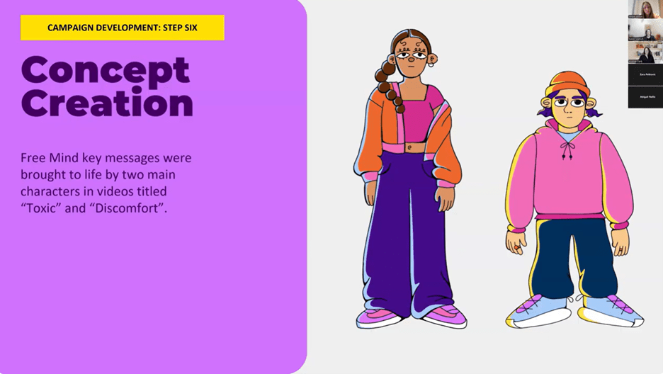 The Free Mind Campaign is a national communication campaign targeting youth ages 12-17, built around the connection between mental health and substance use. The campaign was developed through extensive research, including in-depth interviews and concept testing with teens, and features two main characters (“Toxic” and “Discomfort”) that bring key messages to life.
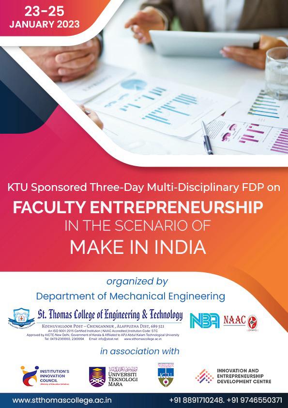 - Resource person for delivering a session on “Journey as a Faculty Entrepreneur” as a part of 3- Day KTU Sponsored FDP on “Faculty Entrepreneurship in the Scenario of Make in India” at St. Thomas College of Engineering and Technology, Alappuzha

==

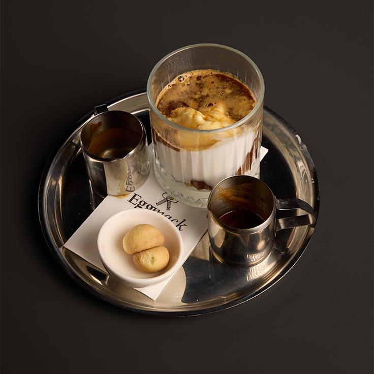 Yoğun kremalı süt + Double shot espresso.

◆ **Task statement**
Among the entries above, locate the line with "The Free Mind" and the line with "- Resource person". Give those two lines and all lines between them again, exactly, leaving out the pictures.

◆ **Result below**
 The Free Mind Campaign is a national communication campaign targeting youth ages 12-17, built around the connection between mental health and substance use. The campaign was developed through extensive research, including in-depth interviews and concept testing with teens, and features two main characters (“Toxic” and “Discomfort”) that bring key messages to life.
 - Resource person for delivering a session on “Journey as a Faculty Entrepreneur” as a part of 3- Day KTU Sponsored FDP on “Faculty Entrepreneurship in the Scenario of Make in India” at St. Thomas College of Engineering and Technology, Alappuzha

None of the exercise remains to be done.